🤖 AI Summary
This work addresses the severe distortion of conventional mean and covariance estimates caused by outliers in interval-valued data. To this end, it introduces the first extension of the Minimum Covariance Determinant (MCD) estimator to the interval-valued setting, integrating robust location and scale estimates based on the Mallows distance to construct a robust interval Mahalanobis distance. An adaptive thresholding mechanism is further incorporated to enable effective outlier detection. The proposed method demonstrates superior performance over classical approaches across varying contamination levels, achieving notably higher accuracy in both covariance estimation and outlier identification. Its efficacy is validated through experiments on real-world datasets, confirming its practical applicability and robustness.
📝 Abstract
Interval-valued data are one of the most common symbolic data types, which enables the preservation of the underlying variability of the data. The interval mean and covariance matrix can be estimated using the barycenter approach based on the Mallows distance. However, as for conventional data, classical estimates can be significantly affected by anomalous data points, frequently present in real-life datasets. To address this problem, we develop a robust alternative which estimates location and scale by extending the Minimum Covariance Determinant estimator to interval-valued data.
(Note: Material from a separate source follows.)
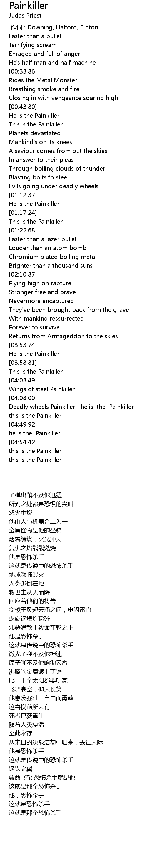 | [04:09.43] | Deadly wheels Painkiller he is the Painkiller |

The algorithm yields a robust Interval-Mahalanobis distance, which can be used to detect anomalous observations based on adaptive cutoff values. Through extensive simulation studies across various contamination levels, we demonstrate that the interval-valued robust estimator consistently outperforms classical methods in covariance matrix estimation and achieves superior outlier detection accuracy. Finally, the applicability and effectiveness of the proposed method are illustrated through real-world datasets.